The present study confirms the occurrence of Leishmania spp. DNA in armadillos (one D. septemcintus) and anteaters (one T. tetradactyla and two M. tridactyla). Casadeval and Pirofski [42] clarified many points on virulence and pathogenicity regarding host immune response and pathogen activity. According to the authors, there are classes of pathogenic microorganisms varying from those that provoke damage in hosts that present an extremely weak immune response to others that cause disease only in a situation of very strong immune response. Therefore, it seems reasonable to consider Leishmania spp. to be a pathogen whose ability to provoke disease also depends on host immune response. Since the cellular immune response is weak in armadillos and anteaters, it is possible to detect yeast cells in many of their organs; however, this is not sufficient to cause disease as observed in human hosts. Taken together, these factors make xenarthrans suitable models for studying host-pathogen interaction [43].

These animals are assumed to be sources of infection since the agent’s DNA was found in internal organs; in addition, parasitism may occur in internal and cutaneous organs, facilitating transmission from the blood meal by the vector that inoculates promastigote forms of the agent into the man while sucking.

The identities of the amplicon were confirmed by direct double-strand sequencing which showed 100% similarity with L. chagasi sequence deposited at GenBank (access number AF308682.1) (Table 1).

Even without the DNA detection of the cutaneous leishmaniasis agents, the positive results for Leishmania spp. are interesting. Of the 20 species described in the New World, five have never been reported to have caused visceral human leishmaniasis: Leishmania enriettii, Leishmania hertigi, Leishmania deanei, Leishmania aristidesi and Leishmania forattinii[4448]. The L. forattinii was isolated from pooled liver and spleen of opossum Didelphis marsupialis captured in Conchas, SP, Brazil [48, 49].

It is suggested that the species is Leishmania forattinii and that the evaluated site is close to that where the parasite was first isolated, since the species nucleotide sequence deposited at the GenBank was not found. Considering the occurrence of both the cutaneous and visceral form, in the studied municipalities, it must be emphasized that the sandfly vector may be present and serve as transmitter of Leishmania to these animals and humans.

These findings corroborate the worldwide distribution of Leishmania spp., considering the wide variety of intermediate hosts that contribute to the epidemiological transmission chain of this infection.

It is important to emphasize that Bauru, SP, is endemic for leishmaniasis; therefore, our results indicate the need for epidemiological molecular biology research on environmental contamination by L. chagasi.

It was possible to evaluate 22 different wild species, without the necessity of exerting a laborious sampling effort.
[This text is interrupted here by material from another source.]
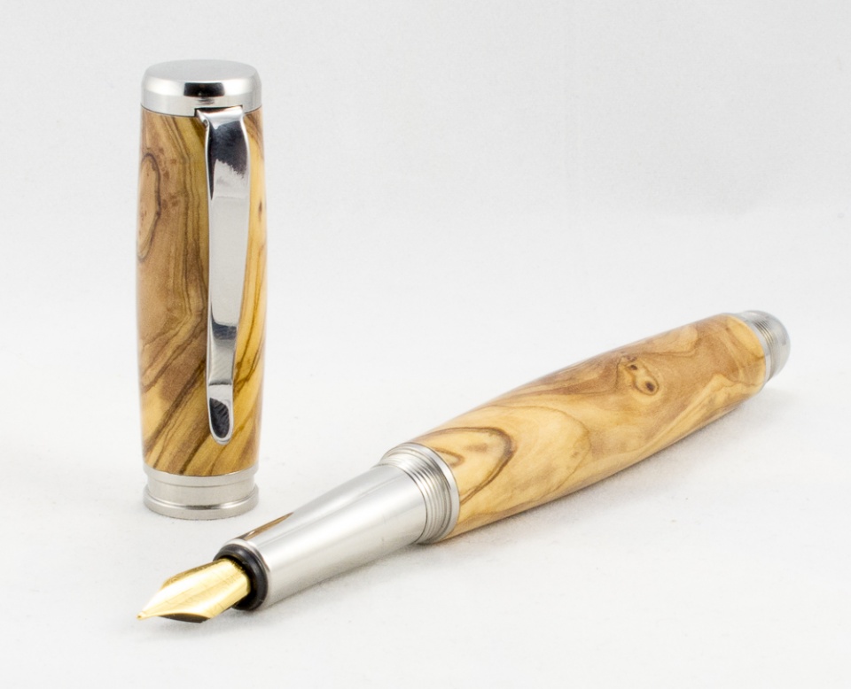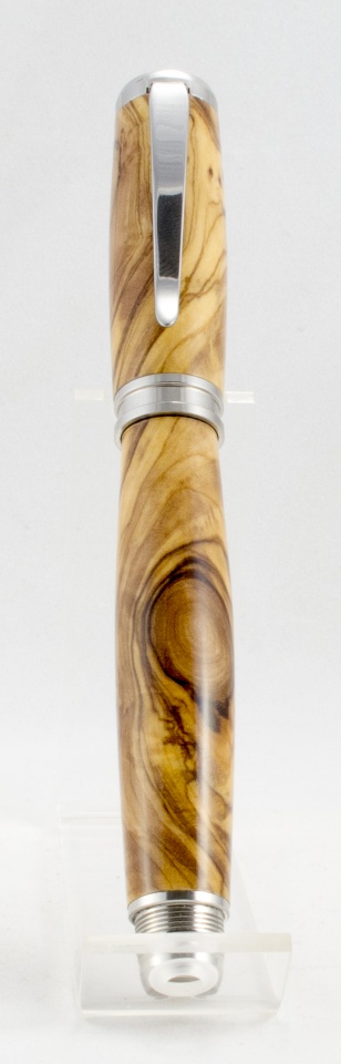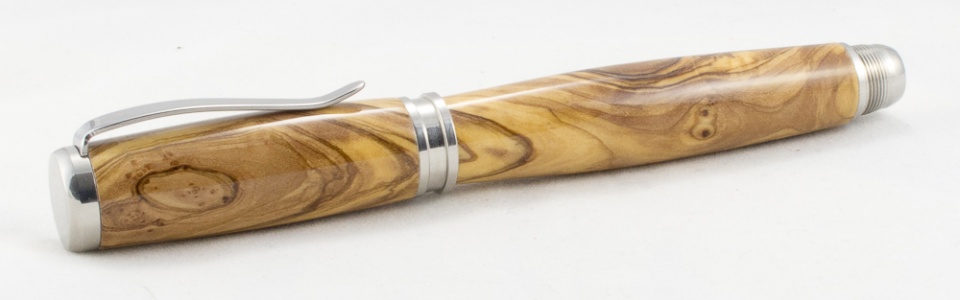 Absolutely Beautiful.This is the most beautiful piece of olive wood I have come across. It is on an stainless steel eagle kit. It was fun seeing the knots come out as i was turning.

In fact, the numbers and diversity of road-killed animals are considerably higher and, in general, they are killed after their own natural habitats had been invaded by roads [50]. In this manner, the geographic coordinates of the locations of the infected animals are well-integrated in databases that use the geographical information systems (GIS), thus contributing to a better understanding of pathogen distribution.

These results show risk factors such as free movement of the circulating parasite and vectors, as well as the importance of road-killed animals as possible reservoirs for the transmission of Leishmania spp. in addition to the significance of the environment and ecology of these positive mammals in the interaction of Leishmania with different Leishmania species that may be pathogenic to humans.

Conclusions

The presented results focus that road-killed animals may serve as an important reservoir for transmission of Leishmania spp. and L. chagasi, as well as contributing to understand the host-parasite interaction.